Seminars in Michaelmas Term 2015, University of Oxford
We are pleased to announce our Science, Medicine and Culture seminars for 2015. All seminars take place from 5.30 – 7.00, in Seminar Room 3 at St Anne’s College, Oxford. All are welcome, and drinks will be served after each seminar.
Wednesday 28 October 2015
Dr Madeleine Wood, Queen Mary University of London, ‘A ‘heart hard as a nethermillstone’: The relational dynamics of Victorian ‘addiction’’
This paper explores the way in which substance use and compulsive behaviours are represented in mid-Victorian literature and medicine when read not as an individual experience, but as one that operates between selves. By looking at gambling, as well as alcoholism and opium use, we see how the disruption of intimate relationships comes to be situated within the emergent discourse of ‘addiction’ in the nineteenth century.
Wednesday 1 1 November 2015
Dr Claire Jones, King's College London, ‘Septic Subjects: Infection and Occupational Risk in British Hospitals, 1870-1970’
This paper addresses the effects of hospital-acquired infection (and practices surrounding its prevention and control) on hospital staff during the late nineteenth and early twentieth centuries. It focuses on four British hospitals associated with the infection control practices of Joseph Lister and Florence Nightingale – King’s College and St Thomas’ in London and the Royal Infirmaries of Edinburgh and of Glasgow in Scotland – and pays particular attention to the experiences of nurses within these hospitals. Hospital nursing registers, alongside other evidence including oral testimonies, reveal that while nurses felt lucky to be part of the nursing profession as a worthy vocation, many also became ill at various points throughout their lives as a direct result of working on wards with infected patients. By framing the discussion in terms of occupational risk, this paper argues that the introduction and enforcement of hospital infection control procedures were not solely for the benefit of the patient but also for the staff who treated them. A healthy workforce also formed an important part of hospital efficiency metrics.
Wednesday 25 November 2015
Professor Karen Sayer, Leeds Trinity University, ‘Radical Requiems: the return of the past in British agriculture, 1850-1950’

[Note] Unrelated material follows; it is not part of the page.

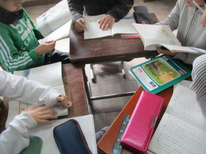 音読劇に向けて,準備を進めています。グループで相談したり,教科書に書き込んだり,読む人と聞く人に分かれて練習したりと,自分達で考えて取り組んでいました。
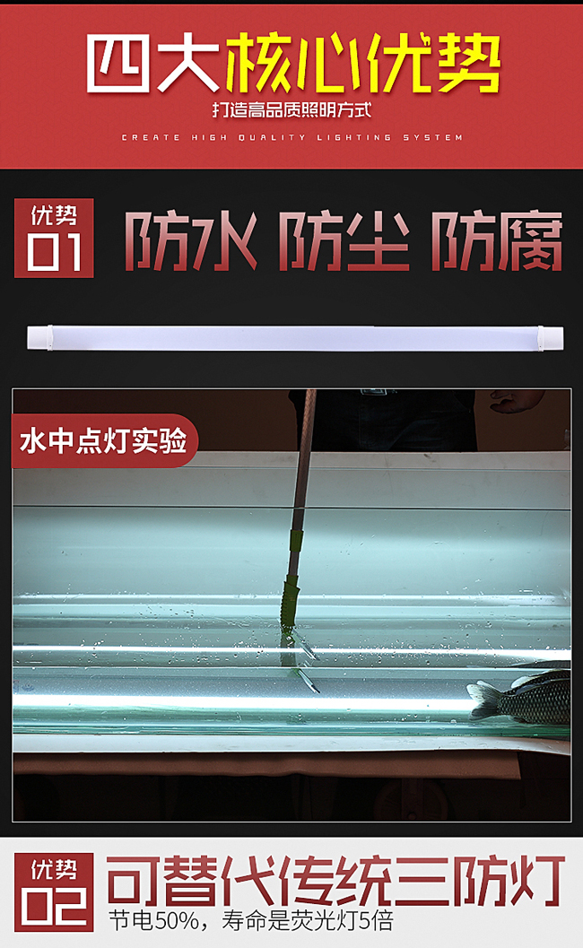 - 產(chǎn)品簡(jiǎn)介:產(chǎn)品特點(diǎn) ?寬電壓輸入,AC85~260V; ?LED光效>100LM/W; ?高效的散熱處理,光通維持率近95%; ?內(nèi)置隔離低壓恒流驅(qū)動(dòng),安全、穩(wěn)定、可靠; ?燈殼通過(guò)2500V耐壓測(cè)試; ?燈殼是由阻燃硬質(zhì)PC擠出成型,具備極好的耐腐蝕性,且具有很好的力學(xué)性能,可直接沖洗; ?三防:防水、防塵、防腐,防護(hù)等級(jí)IP65; ?重量輕,安裝方便。

Through art and literature, the press and even advertising, we think we know what a farm is, but how it is managed and what it is for? Post-war to the mid-C20th the question of when a farm is not a farm was raised in the British press. ‘Where does one draw the line’, one correspondent to The Guardian asked in 1964, ‘between the traditional farmer and his confrontation with the elements and these new industrialised farmers who create their own hazards (and our consumer hazards) by treating their stock as belt-conveyor units?’ This paper will address this kind of juxtaposition/binary opposition — traditional agriculture vs. industrialised agriculture (at least re the farmed animal) – as an artefact and consider where and when this artefact was produced and what effect it had. Requiem for lost traditions harnessed the public’s conscience, and resulted in legislative change, (improved animal welfare from the point of view of ethologists); but, farmers and producers were not slow to capitalise: the naturalised countryside, rescued for the good of the consumer, was always for sale. In essence, the theme of the paper can be captured by the question ‘what is a farm’?
The Science, Medicine and Culture seminar series is co-hosted by the Diseases of Modern Life and Constructing Scientific Communities projects at the University of Oxford.